Los hallazgos obtenidos con la disección anatómica macroscópica, conjugados con datos de la fisiología (Sakaguchi & Yamaguchi, 1979; Niijima, 1983; Sauter et al., 1983; Sharkey & Williams, 1983 y Berthoud et al., 1983) y la patología (Russek, 1981; Tordoff, 1982; Shimizu et al., 1983; Holzer et al., 1986 y Chariot et al., 1987), permiten determinar, con bastante precisión, vías y circuitos nerviosos autonómicos, especialmente en lo concerniente a la glándula pancreática.
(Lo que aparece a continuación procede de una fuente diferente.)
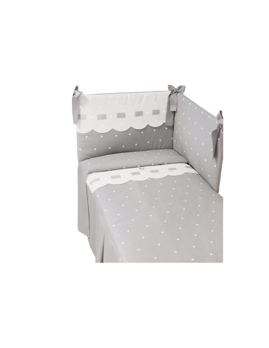 Pack de colcha y protector desenfundable con tejido lavable y relleno incluido. SIN Almohada. Con el protector evitas las corrientes de aire a tu bebe y a su vez lo proteges de posibles golpes con los laterales de la cuna evitando que sus brazos y sus pies puedan atraparse en la cuna. Esta pieza se ajusta de forma segura y fácil a la estructura de la cuna. La colcha tiene un diseño coordinado con el protector. En invierno el relleno mantiene cálido a tu bebé de manera constante. En verano al extraer el relleno la funda te sirve como colcha liviana. Oeko-Tex Standard 100 certificada, lo que significa que todos los materiales son probados y libres de sustancias nocivas Si te gusta puedes encontrar otros interesantes artículos de la colección, en esta misma línea con las mismas altas calidades. Todo realizado y diseñado en España con los mejores materiales y los tejidos de la más alta calidad.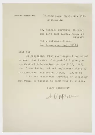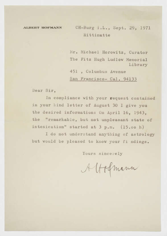 Brief mit Unterschrift, Burg (CH), 29.9.1971 und postalischem Umschlag. Der Schweizer Chemiker, Entdecker und Propagist des LSD Albert Hofmann (1906-2008) liefert in seinem Schreiben an den britischen Schriftsteller und Archivar des "LSD-Papstes" Timothy Leary, Michael Horowitz (geb. 1938) Auskünfte, die dieser angefragt hatte: der Chemiker sendet Horowitz einen Auszug aus dem Protokoll seiner ersten versehentlichen Einnahme des von ihm entdeckten LSD und der damit einher gegangenen Wirkung, die am 16. April 1943 um 15 Uhr einsetzte. 21 cm x 14,6 cm. Minim. Altersspuren.

La serie de datos relativos a la respuesta secretoria pancreática, tanto exocrina (Gayet & Guillaumie, 1930a; Popielski, 1986; Guillaumie, 1993 y García et al., 1998), como endocrina (Russek y Berthoud et al.), siguiendo al estímulo eléctrico del vago, en el tórax o en la región cervical del animal de experimentación, permiten inferir que la llegada de los impulsos vagales a la glándula pancreática se efectúa, en gran medida, a través de las paredes gástrica y duodenal. Ello, según nuestra interpretación, siguiendo virtuales "carriles" que hemos propuesto denominar "Pista-Plexual-Entérica"  (PPE) o  "Neural-Plexual-Freeway" (Tiscornia et al., 1998a y Tiscornia et al., 2000a). En este sentido, las experiencias de Popielski son más que sugestivas. En efecto, este autor ha mostrado que la sección o ligadura del píloro, suprime totalmente el efecto secretorio pancreático exocrino desencadenado por el estímulo eléctrico de los ramos vagales en el tórax. Ello fue confirmado por Gayet & Guillaumie, 1930 a y b y Guillaumie en experiencias muy similares.  La inervación vagal antro-pilórica, de acuerdo a nuestros estudios, que completan los de Boekelaar, tiene las siguientes fuentes: a) los ramos nerviosos de ambos vagos que siguen el curso de la curvadura menor gástrica; b) el ramo hepático del vago izquierdo o anterior; c) los ramos celíacos de ambos vagos, que llegan a la región a través de los plexos de las arterias hepática común, gastroduodenal, gástrica derecha y gastroepiploica derecha; d) a través de la malla de los plexos mientéricos en ambas caras gástricas, es decir, lo que hemos denominado "Pista-Plexual-Entérica" y e) las que lo hacen mediante la "banda-diagonal del antro"  (BDA).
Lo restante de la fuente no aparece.